“Why?” he whispered. “What status? Who cares about anything besides you and me?” He tried to pull me up to him, and I could feel our bodies fitting into their natural groove. I had to will myself to pull away.
“I care.”
“Nat,” Mike sighed. He sat back up and combed his fingers through my hair. “I know you’ve been fantasizing about the two of us getting crowned at the Ball for, like, our entire relationship, but you do know there is life after Palmetto Court, right?”
Mike was smirking at me the way that he did when I started to get carried away. His deep-brown eyes got all crinkled up, and his dark wavy hair flopped over his forehead. I’d have to remind Binky, his housekeeper, that his hair was about three, no, more than four days away from needing a trim — though it looked pretty cute for now.
Still, cute wasn’t going to win us anything at this stage in our lives. Why was I the only one in the room who seemed to be aware of it? It was times like these when I realized Mike had no concept of what it meant to work for something. It was almost like, if he didn’t already own it, or couldn’t buy it with his charm, he had no use for it. Sometimes I wondered whether he was even capable of wanting something that was hard to get.

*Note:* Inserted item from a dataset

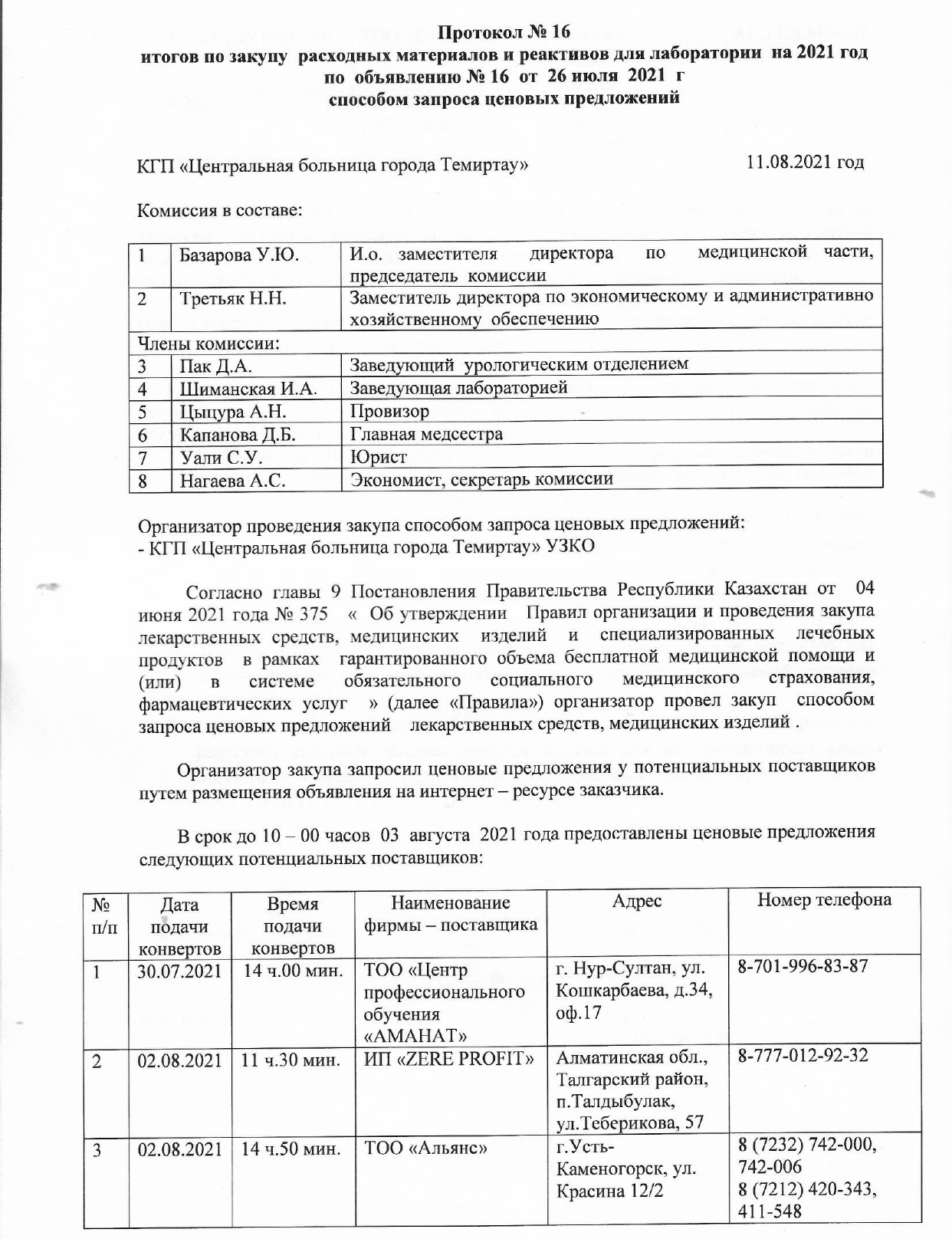 16. Протокол №16 от 13.08.21 (о закупе расходных материалов и реактивов для лаборатории способом запроса ценовых предложений)

Now he leaned in for a kiss, but I held him back, pushing on his chest with two fingers. He was inches away from my mouth.
“I will die if Justin Balmer walks away with your crown,” I said.
Mike sighed, collapsing back on the bed.
“I’m not getting into J.B. with you again,” he said. He stared up at the glow of the solar-system stickers we’d stuck on his ceiling back when we’d first gotten together, back when Palmetto Court dreams seemed as far away as the stars outside.
“I can’t believe how little you care about how much I care about this.” I banged my fist down on the bed, making more waves. Then I quickly shoved it into my other hand to keep myself still. “Have you even ordered my Jessamine yet?”